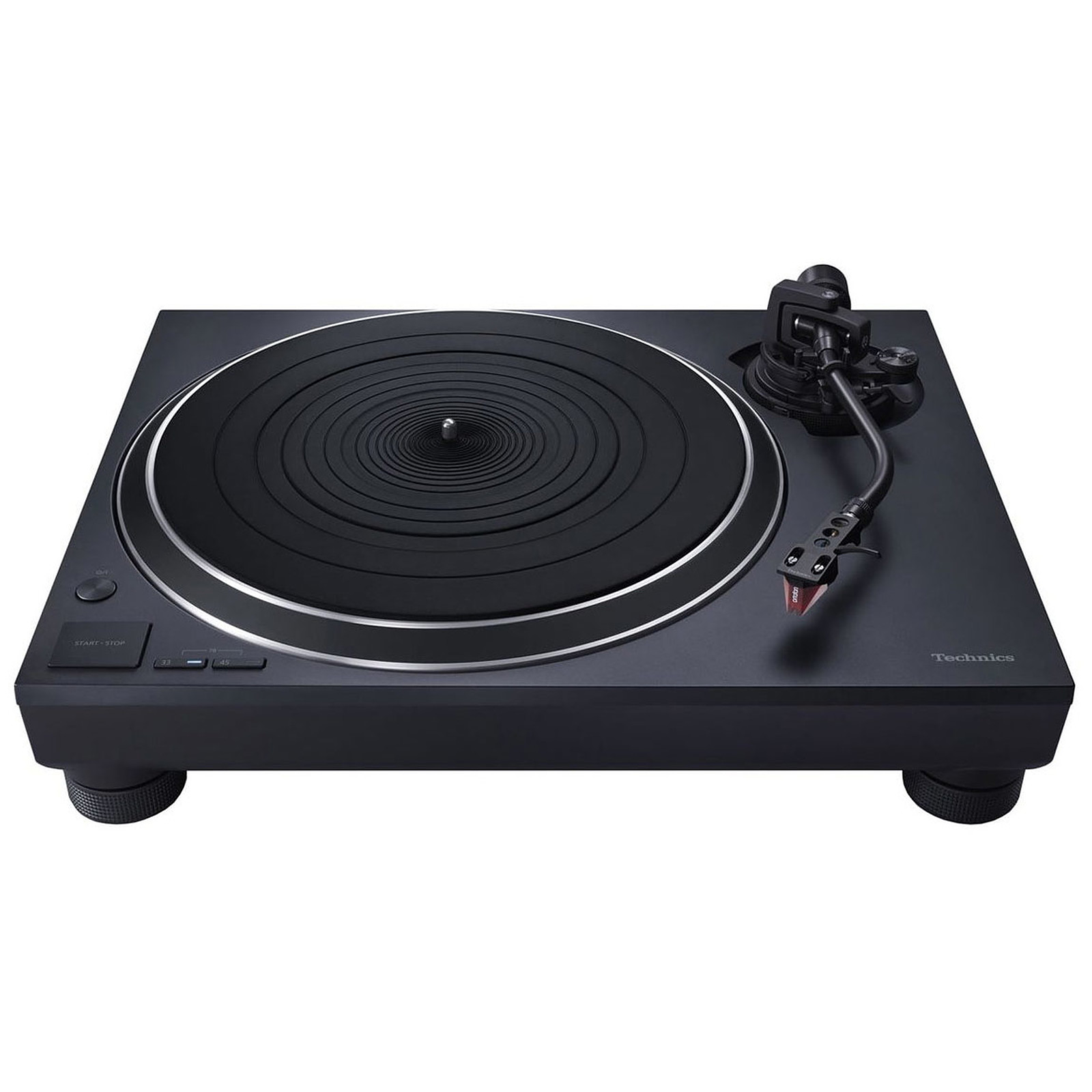 The aluminium die-cast chassis is rigidly integrated with a special material consisting of ABS mixed with glass fiber to achieve a two-layer construction. The insulator is comprised of a spring and rubber to provide optimal vibration-damping characteristics. The tonearm is a static-balance universal S-shape tonearm, another Technics tradition. By adopting a high-precision bearing using the same gimbal suspension construction and machined housing as the SL-1200 Series, high initial sensitivity is achieved. In addition, reliability has been improved by incorporating a removable power cable and gold-plated terminals, which have less sound quality degradation, for the PHONO and LINE terminals.
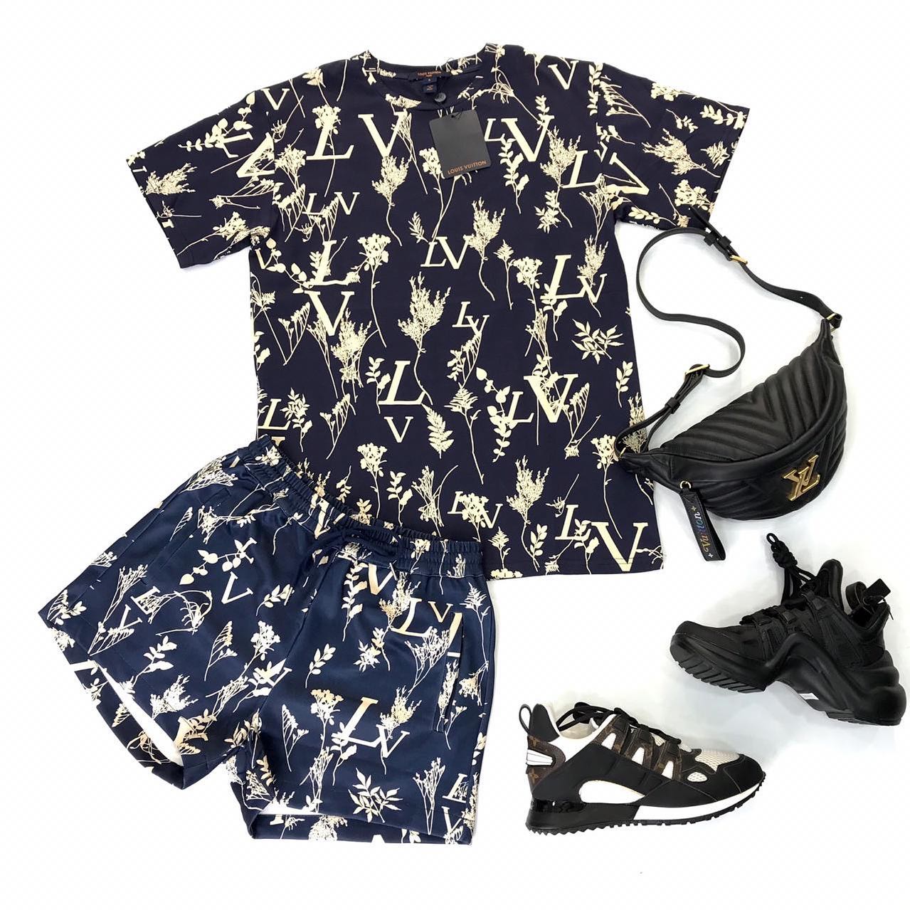 Представляем женский костюм Louis Vuitton LUX-33132, выполненный в темно-синем цвете с изысканным цветочным принтом и монограммами бренда. Этот стильный комплект, состоящий из футболки и шорт, идеально подходит для создания модного повседневного образа.
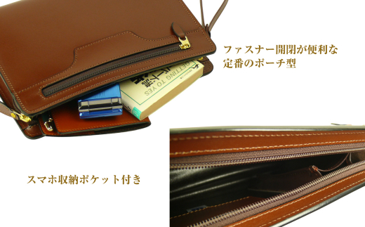 スマホ収納ポケット付きの本革メンズポーチ【テレポーチ】(ダークブラウン)
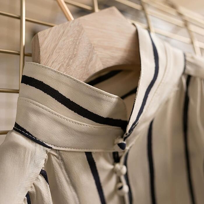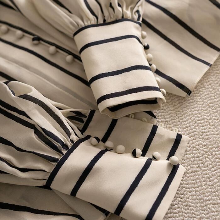 透け感のある、爽やかな印象のストライプ柄ブラウス。
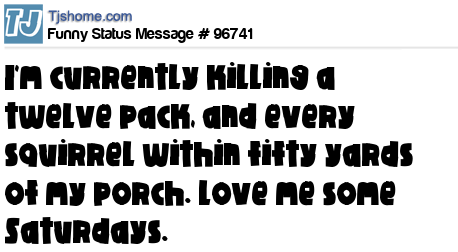 X I'm currently killing a twelve pack, and every squirrel within fifty yards of my porch. Love me some Saturdays.
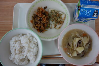 本日は、じゃがいものみそ汁、ホキのパン粉焼き、切り干し大根炒め、ごはん、牛乳でした。
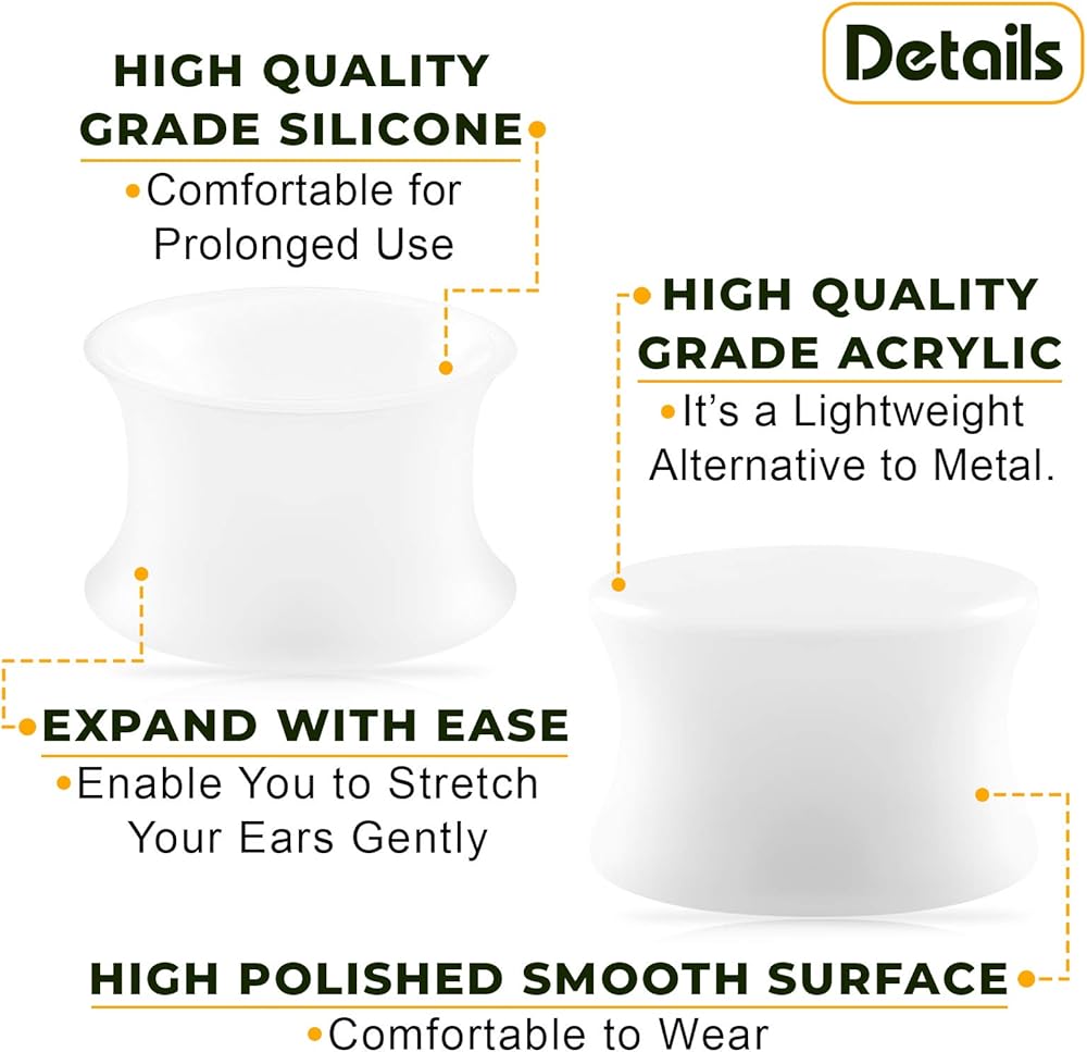 2 Pairs, A pair of White Silicone Flesh Ear Plugs . A pair of White Acrylic Piercing Ear Plugs . 4 gauge sets choices ;4g (5mm), 2g (6mm), 0g (8mm) and 00g (10mm), please choose one. Items will be packed in nice satin bag.
-------
All the records need to be printed again exactly as written, though without their pictures.

[OUTPUT FOR THIS EXERCISE]:
 The aluminium die-cast chassis is rigidly integrated with a special material consisting of ABS mixed with glass fiber to achieve a two-layer construction. The insulator is comprised of a spring and rubber to provide optimal vibration-damping characteristics. The tonearm is a static-balance universal S-shape tonearm, another Technics tradition. By adopting a high-precision bearing using the same gimbal suspension construction and machined housing as the SL-1200 Series, high initial sensitivity is achieved. In addition, reliability has been improved by incorporating a removable power cable and gold-plated terminals, which have less sound quality degradation, for the PHONO and LINE terminals.
 Представляем женский костюм Louis Vuitton LUX-33132, выполненный в темно-синем цвете с изысканным цветочным принтом и монограммами бренда. Этот стильный комплект, состоящий из футболки и шорт, идеально подходит для создания модного повседневного образа.
 スマホ収納ポケット付きの本革メンズポーチ【テレポーチ】(ダークブラウン)
 透け感のある、爽やかな印象のストライプ柄ブラウス。
 X I'm currently killing a twelve pack, and every squirrel within fifty yards of my porch. Love me some Saturdays.
 本日は、じゃがいものみそ汁、ホキのパン粉焼き、切り干し大根炒め、ごはん、牛乳でした。
 2 Pairs, A pair of White Silicone Flesh Ear Plugs . A pair of White Acrylic Piercing Ear Plugs . 4 gauge sets choices ;4g (5mm), 2g (6mm), 0g (8mm) and 00g (10mm), please choose one. Items will be packed in nice satin bag.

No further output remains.